What is a Knowledge Graph?
A knowledge graph is a reusable data layer that serves as a collection of relationships between things, defined using a standardized vocabulary.
It provides a structured framework from which new knowledge can be gained through inferencing, allowing for the exploration and understanding of complex relationships within diverse datasets.
The goal in any form of marketing is one of communication: you want to communicate your information to the world. To connect with the right people at the right time and through the right channel, your content needs to be properly understood.
This is hard enough to do successfully between people, but it becomes even more difficult when machines become conduits for this information.
Not only must we anticipate the needs and interests of our audience, but this information needs to be translated into a machine-readable, processable, and searchable format.
Industry Use Cases for Knowledge Graphs
If you’re familiar with the concept, it’s probably due to Google’s Knowledge Graph which popularized the term in 2012. However, knowledge graphs have proven to be valuable across various industries beyond the scope of SEO.
Social Media Sites
Meta constructed its own network of interconnected data points from publicly available information on their social platforms. These data points represent real-world entities and their relationships, creating a graph encompassing people, interests, activities, and more.
For example, when a user clicks the “Like” button on Facebook, this information is represented in the form of triples about that user. In the context of a knowledge graph, these triples consist of Subject-Predicate-Object relationships. If a user likes a particular movie (Object), the triple could be (User – Likes – Movie).
These triples expand the knowledge graph, creating new connections between users and their interests, activities, and affiliations. By analyzing the generated triples, Facebook gains insights into users’ interests, hobbies, preferences, and social connections.
As an example, if a user likes multiple posts related to hiking, the platform understands the user’s interest in outdoor activities. With this enriched knowledge graph, Facebook can personalize users’ experiences. Users see content in their feeds that aligns with their interests, creating a more engaging experience.
Advertisers can leverage this data to target specific demographics based on their interests and behaviours.
Cultural Heritage Institutions
Cultural heritage institutions, including galleries, libraries, archives, and museums, grapple with the daunting task of managing vast amounts of unstructured, semi-structured, and structured data that is stored in silos. The absence of efficient applications to manage this information often leads to manual efforts in collecting and processing this data, resulting in high labour costs and outdated information.

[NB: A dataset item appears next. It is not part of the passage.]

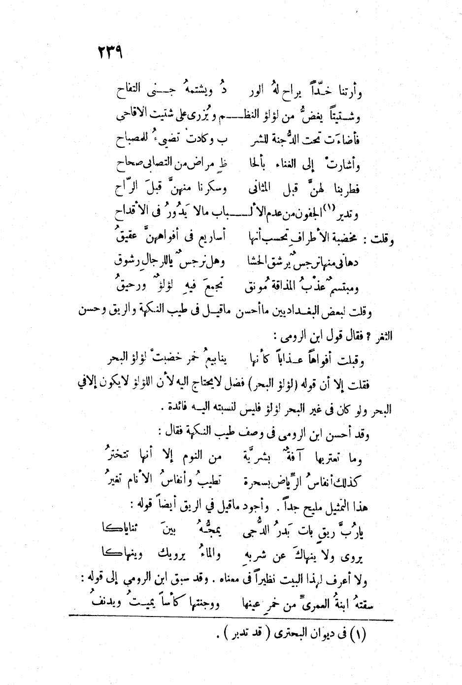 فقلت إلا أن قوله لؤلؤ البحر فضل لا يحتاج إليه لأن اللؤلؤ لا يكون إلا في البحر ولو كان في غير البحر لؤلؤ فليس لنسبته إليه فائدة. وقد أحسن ابن الرومي في وصف طيب النكهة فقال:

To address these challenges, cultural heritage researchers are turning to knowledge graphs as an innovative and dynamic solution. The following illustration showcases a digital cultural heritage management project that has constructed a knowledge graph using data from the Chinese Palace Museum.
Additionally, the integration of deep learning algorithms with these knowledge graphs further refines digital cultural heritage management, enhancing visualization capabilities and making it more intelligent and cohesive. These systems working in tandem is one example of the relationship between knowledge graphs and AI.
Enterprises like large consulting firms have harnessed the power of knowledge graphs to optimize information management. With vast networks of consultants, sometimes in the hundreds of thousands, they often face the challenge of matching the right expert to specific projects.
A specific consulting firm with 300,000 consultants, partnered with SemanticArts to create a knowledge graph detailing each consultant’s specialization, industry experience, skills, and availability. To streamline access to this data, SemanticArts also prototyped a chat service to leverage the knowledge in the graph database.
This is only one example of knowledge graphs being used to standardize and unify information for a chat service. Chatbots act as translators, allowing users to query knowledge graphs in natural language, rather than having to learn graph query languages like SPARQL. This seamless integration of knowledge graphs and chatbots not only enhances internal processes but also exemplifies the potential of this technology in modern enterprises.
With the introduction of LLMs, many enterprises are also exploring how knowledge graphs can be used to ground them to provide accurate and efficient information to users on their sites.
Google’s Knowledge Graph
Arguably the most well-known use case, Google’s Knowledge Graph began with Freebase, a project started by Metaweb in 2007. Freebase was a huge collection of structured data described as “synapses for the global brain.” It became a significant linked open data project in 2008.
Google acquired Freebase in 2010, incorporating this extensive knowledge base into its proprietary Knowledge Graph. Upon releasing their knowledge graph, Google introduced the concept of “strings not things”, announcing their pivot from lexical, keyword-based search, to semantic search.
Google continued to maintain Freebase before giving its content to the Wikidata community in 2014. When Freebase became read-only in 2015, it held over 3 billion facts about nearly 50 million entities.
Google embraced the knowledge graph to harness the intricate connections between entities on the web, adding crucial context to web data.
Knowledge Panels: Google’s Knowledge Graph Brought to Life
Now that you know the history and purpose of Google’s knowledge graph, it’s important to be able to identify how this information is presented in search. Enter – Google’s Knowledge Panel.
The Knowledge Panel is the box that appears on the right side of the search results page when you search for well-known entities (celebrities, businesses, landmarks, etc.).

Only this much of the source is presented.